In other words, let them build and handle the nuclear devices on their own; we don’t need to ship proto-nukes to every country and in every installation of Discourse “just in case”.
(Plus being able to blocklist emails via regex is quite powerful, especially since email = identity in Discourse.)
I can confirm that the previous implementation worked perfectly and entirely solved the gmail issue. The email domain allow list and disallow list both are quite effective nukes. But it’s just not viable to block gmail.
@codinghorror I can see the point of view against normalising for different email providers. But I think it would make sense to be able to cover at least gmail (~43% of all email addresses apparently in 2020, 53% for the US) in a non-destructive way. It might be comparable to supporting oauth from large providers out of the box.
@sam ^ This is a great idea for an alternative. Maybe this, with an example for the gmail/googlemail match could be quite user friendly and powerful.
Have a user right now that has made several thousand accounts with a single gmail address (using periods) and spamming promoting their competing site to siphon off users. Will be upgrading to 2.8 and blocking all emails that contain a period or plus symbol as soon as it’s released. I do wish the previous implementation was available, but appreciate that this is being addressed and a solution will be available. It’s going to make a massive difference, thank you
So have thought about this a bit and thought of a solution that could maybe make sense.
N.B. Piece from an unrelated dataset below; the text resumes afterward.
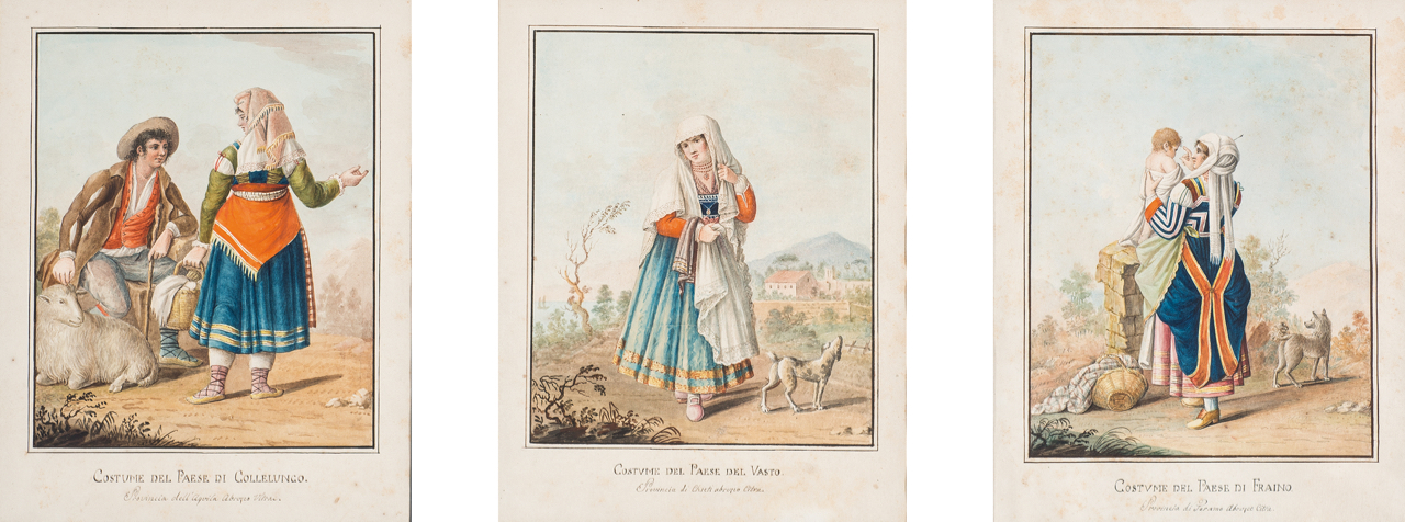 Luigi Del Giudice (attivo a Napoli, nella prima metà del XIX secolo) tre acquerelli su carta entro cornice unica, cm 33x27 cad. a)Costume del paese di Collelungo b)Costume del paese di Vasto c)Costume del paese di Fraino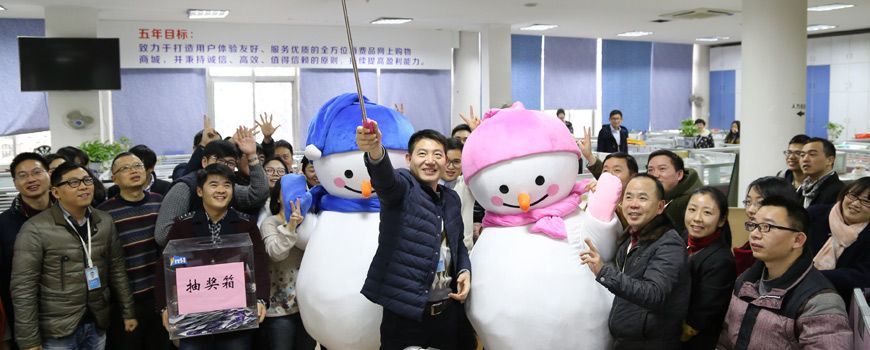 12月25日,兩個超萌巨型雪人公仔空降公貿大樓,為國貿、海外、電商等事業部的同事們送上圣誕節的驚喜,兩位小萌所到之處都能吸引無數粉絲尖叫、合影。 本次活動一共為大家準備了5種可選禮品包括健康禮、舌尖禮、暖心禮、家居禮、甜心禮,每位同事都通過刮獎的方式獲得了公司為他們送上的圣誕驚喜。

There could be an admin option to process and store a normalised version of the email (only processing the username part i.e. username@…)
But only apply this for domains that are specified by the admin.
So a list somewhat like the email domain allow/block lists, with two checkboxes per domain:
Strip + string
Then use these records as a reference for disallowing additional registrations using alternative versions of that email (without affecting the primary email record, which can still have + and periods).
This way, the burden of selecting which domains to store a normalise record for and how to normalise them can be on the admin only, allowing them to respond to problematic email domains as they emerge.
Anyhow, just dropping this here so it can perhaps be considered at some point.